Кощей испустил громкий вздох.

— Наш час настал. Пора нам навсегда оставить позади теплую и уютную комнату, прекратить сладостную беседу и предаться святому, необходимому и мучительному труду во имя Господа Всемогущего. Вероятно, мы никогда уже не увидимся. Но позвольте заверить вас, мои дорогие братья, что я буду лелеять в своем сердце и памяти время, проведенное вместе с вами.

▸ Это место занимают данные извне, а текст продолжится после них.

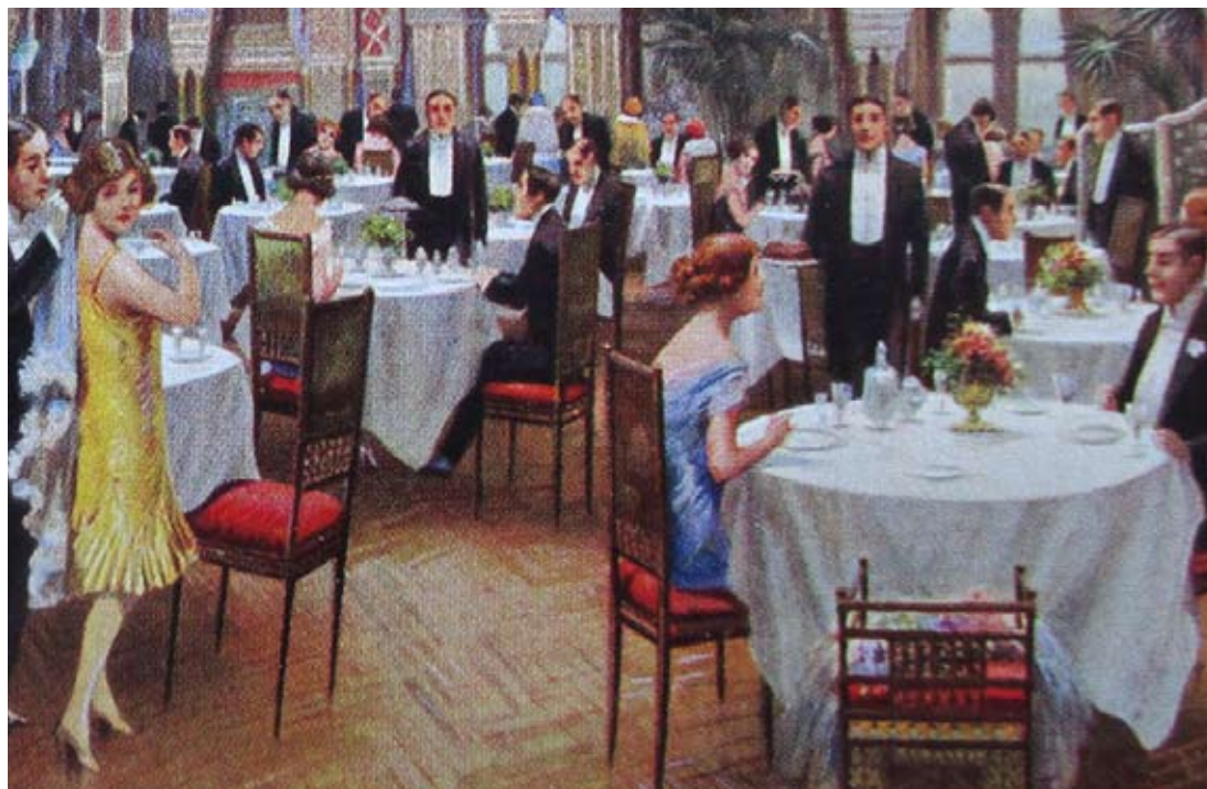
Fig. 9: Particolare della cartolina promozionale dell'Hotel Royal di Roma, raffigurante l'interno del salone del ristorante, firmata 3B (in basso a destra), stampata dalla Richter & C., 1920 ca., 14.0 x 9.0 cm, collezione privata.

— И я тоже, — подхватил Чернобог.

Сварожич раскинул руки.

Все трое сошлись в объятии совершенной любящей дружбы.

Затем, разделившись, вскрыли ящик. В нем лежали три лоснящихся новых калаша, покрытые смазкой. Чернобог принес из ванной полотенца и принялся вытирать оружие. Сварожич отошел к буфету и вернулся с коробками боеприпасов. Кощей извлек откуда-то карты города с пятью крестиками, откуда должны были появиться подземные владыки, и их четко отмеченными, сходящимися в одной точке путями.

— Вот, — заявил Кощей, постучав пальцем по площади перед Троицкой башней, где сходились пять путей. — Тут будущий царь произнесет свою речь. А здесь, — он постучал пальцем по куполам Василия Блаженного, крыше ГУМа и Угловой Арсенальной башни, — мы и займем свои посты. Когда антихрист Ленин поднимется, чтобы захватить Кремль, мы вольны стрелять по толпе. Хортенко обещает, что в каждом гнезде будут ящики с патронами, поэтому мы сможем продолжать наш святой труд, пока Дух не подвигнет нас остановиться. Вопросы есть?